* ADNOC first says wants to replace Brent, retracts comment
* ICE, where Brent trades, to co-own new Abu Dhabi exchange
* Murban contract push is part of ADNOC reform
(Updates with new comments)
By Rania El Gamal and Ron Bousso
ABU DHABI, Nov 12 (Reuters) - A United Arab Emirates plan to
launch its own global oil benchmark was thrown into confusion on
Tuesday after comments made by its own national oil company.
ADNOC first said it sees Murban as a contract to replace
the global Brent benchmark, only to retract the comment.
The development highlights a complex nature of Abu Dhabi
National Oil Company's (ADNOC) Murban futures contract.
It will be traded on a new local exchange, ICE Futures Abu
Dhabi (IFAD), that will be co-owned by Abu Dhabi, several oil
majors and the Intercontinental Exchange Inc, which is
also home to Brent trading.
"We want to give the industry Murban as a replacement for
Brent crude futures," Philippe Khoury, the head of trading at
ADNOC, told Abu Dhabi's main annual oil show.
He said Brent production volumes were declining. The
industry has long complained about falling North Sea production
which makes Brent illiquid and vulnerable to manipulations.
But ADNOC later retracted Khoury's comment and changed it to
"our ambition is for the market to use Murban as a price marker
alongside Brent crude futures, the global benchmark for oil".
ADNOC said it was retracting the comments because they did
not reflect the company's position.
ICE did not respond to a request for comment.
ICE wants to launch the new exchange in the first half of
2020 to host ADNOC's flagship Murban crude grade.
"We still have to demonstrate that over time the community
can trust the crude as a benchmark," Khoury added.
Oil majors BP, Total, Inpex, Vitol
, Shell, Petrochina, Korea's GS
Caltex, Japan's JXTG and Thailand's PTT have
agreed to become partners in the new exchange.
The exact split of stakes in the new exchange has yet to be
decided. Abu Dhabi owns ADNOC and is effectively a market maker
for Murban.
Vitol CEO Russel Hardy said it would take time to build
liquidity on the new exchange, and that Brent, a basket of
different crude qualities, and U.S. West Texas Intermediate
(WTI) were very established.
"There's a great deal of different constituents playing in
those markets ... these things will take time to build up on the
exchange here," he said at the same panel discussion.
"It is right to have that level of ambition but it will take
some time to build that level of liquidity," he said of ADNOC's
plans for Murban.
The new contract will create an alternative benchmark to the
most commonly used Middle East standard, the Dubai/Oman
benchmark operated by the Dubai Mercantile Exchange (DME) and
traded on CME's electronic platform.
Abu Dhabi's Supreme Petroleum Council last week approved the
launch of a new pricing mechanism for Murban crude as part of
ADNOC's broader transformation strategy.

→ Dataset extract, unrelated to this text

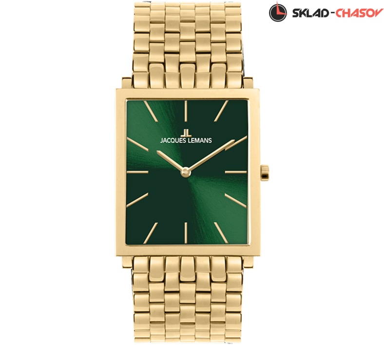 Элегантный тонкий корпус часов прямоугольной формы сделан из нержавеющей стали с PVD-покрытием из желтого золота. Время определить легко: на темно-зеленом полированном циферблате расположены крупные накладные риски и две стрелки, часовая и минутная. В модели установлено минеральное стекло с сапфировым напылением. Конструкция стального браслета позволяет аксессуару удобно облегать запястье. Застежка-клипса надежно удерживает часы от падения. Часы 1-2174 – тот самый аксессуар, который, благодаря классическому дизайну, всегда будет в моде. 23x26

It authorised the state
energy firm to remove destination restrictions on Murban sales.
ADNOC plans to implement new Murban forward pricing between
the second quarter and third quarter of 2020.
UAE Energy Minister Suhail al-Mazrouei said earlier on
Tuesday that he saw no conflict between his country's compliance
with OPEC output cuts and plans to list Murban.
He said the UAE remained committed to cuts agreed by the
Organization of the Petroleum Exporting Countries, plus allies
led by Russia. These countries have since January implemented a
deal to cut output by 1.2 million barrels per day (bpd) which
lasts until March 2020, in an attempt to boost prices.
"I don't think there is a conflict in floating Murban with
the fact that UAE is going to comply with whatever we agree to
with OPEC ... I am not worried about that," Mazrouei told
reporters.
Murban light crude output is around 1.6-1.7 million barrels
per day. The UAE has traditionally sold oil directly to
end-users, mainly in Asia, based on retroactive pricing rather
than the forward pricing used by Saudi Arabia, Kuwait and Iraq.
The UAE, the third-largest OPEC producer behind Saudi Arabia
and Iraq, pumps around 3 million bpd, produced mostly by ADNOC.